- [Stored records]
===

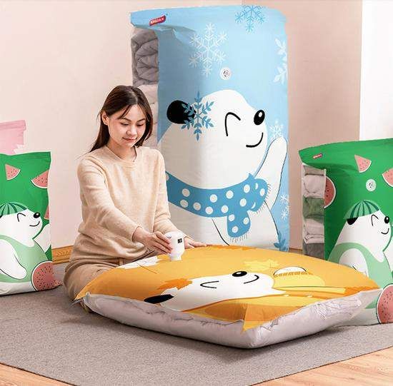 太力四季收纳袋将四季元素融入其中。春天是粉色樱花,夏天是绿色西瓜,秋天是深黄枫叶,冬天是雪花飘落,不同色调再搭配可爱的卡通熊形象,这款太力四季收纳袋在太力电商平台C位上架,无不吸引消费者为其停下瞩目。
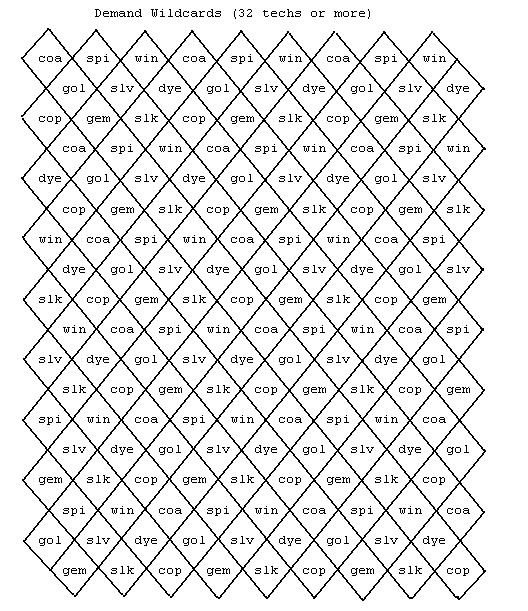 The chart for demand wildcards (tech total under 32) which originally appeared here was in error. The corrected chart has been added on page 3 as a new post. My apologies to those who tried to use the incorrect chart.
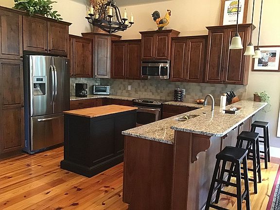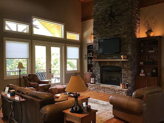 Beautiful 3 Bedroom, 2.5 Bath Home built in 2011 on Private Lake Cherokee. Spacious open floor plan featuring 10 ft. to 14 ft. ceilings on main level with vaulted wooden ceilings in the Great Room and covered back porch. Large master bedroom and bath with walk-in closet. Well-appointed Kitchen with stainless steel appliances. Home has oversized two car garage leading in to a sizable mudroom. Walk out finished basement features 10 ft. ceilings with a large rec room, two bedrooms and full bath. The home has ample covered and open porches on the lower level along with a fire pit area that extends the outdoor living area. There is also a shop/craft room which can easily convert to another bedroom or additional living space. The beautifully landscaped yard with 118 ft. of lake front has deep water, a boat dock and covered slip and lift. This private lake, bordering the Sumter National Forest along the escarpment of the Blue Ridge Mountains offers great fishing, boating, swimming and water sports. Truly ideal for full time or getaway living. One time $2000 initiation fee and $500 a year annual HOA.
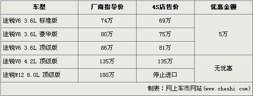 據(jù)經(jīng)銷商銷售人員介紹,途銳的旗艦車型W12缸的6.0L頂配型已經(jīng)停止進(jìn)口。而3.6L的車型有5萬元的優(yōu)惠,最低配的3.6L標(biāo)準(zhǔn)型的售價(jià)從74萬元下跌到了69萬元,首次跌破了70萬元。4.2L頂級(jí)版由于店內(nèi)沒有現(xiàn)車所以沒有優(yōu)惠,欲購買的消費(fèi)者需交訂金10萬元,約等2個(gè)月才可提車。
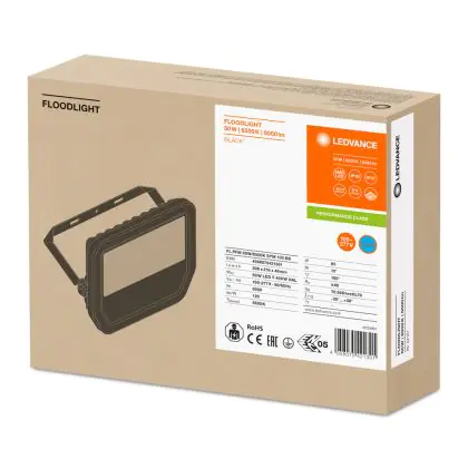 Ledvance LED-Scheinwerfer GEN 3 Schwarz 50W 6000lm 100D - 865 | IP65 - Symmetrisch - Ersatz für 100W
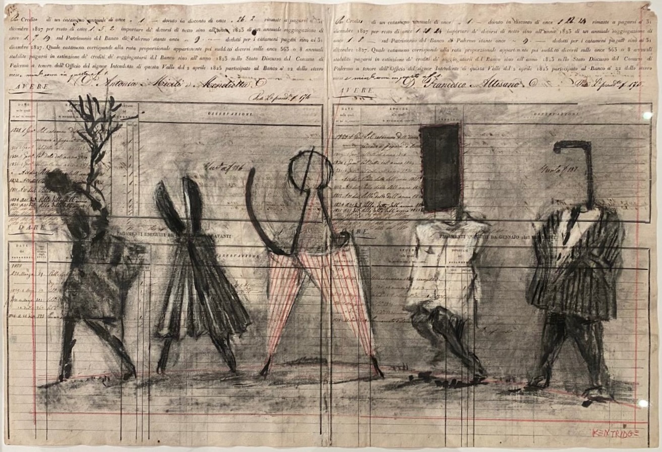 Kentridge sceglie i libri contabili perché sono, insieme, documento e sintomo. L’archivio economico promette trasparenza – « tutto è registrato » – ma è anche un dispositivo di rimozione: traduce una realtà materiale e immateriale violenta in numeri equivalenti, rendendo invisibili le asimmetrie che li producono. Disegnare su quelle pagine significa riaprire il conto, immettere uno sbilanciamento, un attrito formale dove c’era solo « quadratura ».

===

- [PROBLEM REQUIREMENTS] In your answer, print the entries above exactly, with the pictures left out.

- [EXERCISE ANSWER]
 太力四季收纳袋将四季元素融入其中。春天是粉色樱花,夏天是绿色西瓜,秋天是深黄枫叶,冬天是雪花飘落,不同色调再搭配可爱的卡通熊形象,这款太力四季收纳袋在太力电商平台C位上架,无不吸引消费者为其停下瞩目。
 The chart for demand wildcards (tech total under 32) which originally appeared here was in error. The corrected chart has been added on page 3 as a new post. My apologies to those who tried to use the incorrect chart.
 Beautiful 3 Bedroom, 2.5 Bath Home built in 2011 on Private Lake Cherokee. Spacious open floor plan featuring 10 ft. to 14 ft. ceilings on main level with vaulted wooden ceilings in the Great Room and covered back porch. Large master bedroom and bath with walk-in closet. Well-appointed Kitchen with stainless steel appliances. Home has oversized two car garage leading in to a sizable mudroom. Walk out finished basement features 10 ft. ceilings with a large rec room, two bedrooms and full bath. The home has ample covered and open porches on the lower level along with a fire pit area that extends the outdoor living area. There is also a shop/craft room which can easily convert to another bedroom or additional living space. The beautifully landscaped yard with 118 ft. of lake front has deep water, a boat dock and covered slip and lift. This private lake, bordering the Sumter National Forest along the escarpment of the Blue Ridge Mountains offers great fishing, boating, swimming and water sports. Truly ideal for full time or getaway living. One time $2000 initiation fee and $500 a year annual HOA.
 據(jù)經(jīng)銷商銷售人員介紹,途銳的旗艦車型W12缸的6.0L頂配型已經(jīng)停止進(jìn)口。而3.6L的車型有5萬元的優(yōu)惠,最低配的3.6L標(biāo)準(zhǔn)型的售價(jià)從74萬元下跌到了69萬元,首次跌破了70萬元。4.2L頂級(jí)版由于店內(nèi)沒有現(xiàn)車所以沒有優(yōu)惠,欲購買的消費(fèi)者需交訂金10萬元,約等2個(gè)月才可提車。
 Ledvance LED-Scheinwerfer GEN 3 Schwarz 50W 6000lm 100D - 865 | IP65 - Symmetrisch - Ersatz für 100W
 Kentridge sceglie i libri contabili perché sono, insieme, documento e sintomo. L’archivio economico promette trasparenza – « tutto è registrato » – ma è anche un dispositivo di rimozione: traduce una realtà materiale e immateriale violenta in numeri equivalenti, rendendo invisibili le asimmetrie che li producono. Disegnare su quelle pagine significa riaprire il conto, immettere uno sbilanciamento, un attrito formale dove c’era solo « quadratura ».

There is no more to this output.